Андрей Леонидович: Николай Иванович, вот пока Вы рассказывали, я не утерпел и открыл Вашу книгу на 12-й странице и увидел очень интересную фотографию: улыбающийся Карл Густав Маннергейм и не менее улыбчивый Герман Геринг.
Николай Иванович: Андрей Леонидович, я должен Вам сказать, что если бы я от себя сейчас начал характеризовать начало этой дружбы двух этих лиц, о которых Вы сейчас сказали, то наши радиослушатели могли бы засомневаться и подумать, что я как-то от себя это придумываю, не основываясь на конкретных источниках. Я бы здесь привёл один небольшой отрывок из книги известного в Финляндии академика В. Мери. Книга специально посвящена Маннергейму, биографическая книга, причём В. Мери рассматривает взаимосвязи Маннергейма с германским руководством и показывает, как в частности Маннергейм сдружился с Герингом.
Вот что он пишет: «В 1934 году в Берлине Маннергейм довольно близко сошелся с Герингом, ближайшим соратником Гитлера. Отношения эти он поддерживал весьма долго. Ездил в Восточную Пруссию охотиться в угодьях Геринга. Геринг во время своего длительного пребывания в Швеции завязал знакомства в высших кругах страны, а в замке графа фон Русена нашел свою возлюбленную и будущую жену. Этот самый фон Русен в 1918 году подарил белой армии Маннергейма первый самолет со свастикой на борту. Эта эмблема по приказу Маннергейма вошла в символику и наградные знаки молодой республики. У Маннергейма и Геринга были общие шведские друзья и знакомые, их отношения нельзя назвать поверхностными и формальными».

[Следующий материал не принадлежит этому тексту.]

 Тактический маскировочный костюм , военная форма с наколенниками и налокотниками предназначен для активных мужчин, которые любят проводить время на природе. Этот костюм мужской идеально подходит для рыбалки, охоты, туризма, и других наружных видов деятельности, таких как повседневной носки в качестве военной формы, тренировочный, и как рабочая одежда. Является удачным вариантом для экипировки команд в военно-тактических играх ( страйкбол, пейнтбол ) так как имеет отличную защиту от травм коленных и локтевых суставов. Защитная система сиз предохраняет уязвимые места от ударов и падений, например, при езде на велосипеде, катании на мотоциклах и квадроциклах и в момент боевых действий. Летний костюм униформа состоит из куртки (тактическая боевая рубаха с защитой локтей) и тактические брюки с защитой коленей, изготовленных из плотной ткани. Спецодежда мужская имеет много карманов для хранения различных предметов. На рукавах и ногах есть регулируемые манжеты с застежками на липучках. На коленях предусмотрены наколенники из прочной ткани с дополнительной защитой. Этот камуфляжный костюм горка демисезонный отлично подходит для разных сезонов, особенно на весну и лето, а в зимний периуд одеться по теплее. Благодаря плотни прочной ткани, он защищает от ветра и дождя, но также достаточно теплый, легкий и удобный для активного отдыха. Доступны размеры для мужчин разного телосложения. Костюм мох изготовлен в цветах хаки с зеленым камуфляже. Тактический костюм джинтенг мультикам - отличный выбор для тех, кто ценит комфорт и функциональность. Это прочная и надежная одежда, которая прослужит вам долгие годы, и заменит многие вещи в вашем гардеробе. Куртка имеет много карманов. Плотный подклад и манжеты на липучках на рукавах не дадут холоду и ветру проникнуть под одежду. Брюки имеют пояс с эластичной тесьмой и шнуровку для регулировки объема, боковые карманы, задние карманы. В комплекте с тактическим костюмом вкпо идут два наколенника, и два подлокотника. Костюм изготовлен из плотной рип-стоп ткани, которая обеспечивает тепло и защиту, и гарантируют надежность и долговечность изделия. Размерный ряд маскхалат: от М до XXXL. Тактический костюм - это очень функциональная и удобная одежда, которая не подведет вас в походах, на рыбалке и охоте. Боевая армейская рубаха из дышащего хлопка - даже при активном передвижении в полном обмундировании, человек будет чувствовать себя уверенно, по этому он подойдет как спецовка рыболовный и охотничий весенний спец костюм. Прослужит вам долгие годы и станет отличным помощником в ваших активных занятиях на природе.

Владимир Николаевич: При этом я хотел бы добавить, что Герман Геринг был фактически вторым человеком в рейхе. То есть это весьма серьёзная фигура. И более того, это человек, который фактически курировал страны Северной Европы. В Третьем Рейхе он непосредственно занимался проблемами, связанными со странами Северной Европы. Это весьма важный момент, и не случайно, поэтому у Маннергейма, как мне представляется, сложились такие дружественные отношения с Германом Герингом.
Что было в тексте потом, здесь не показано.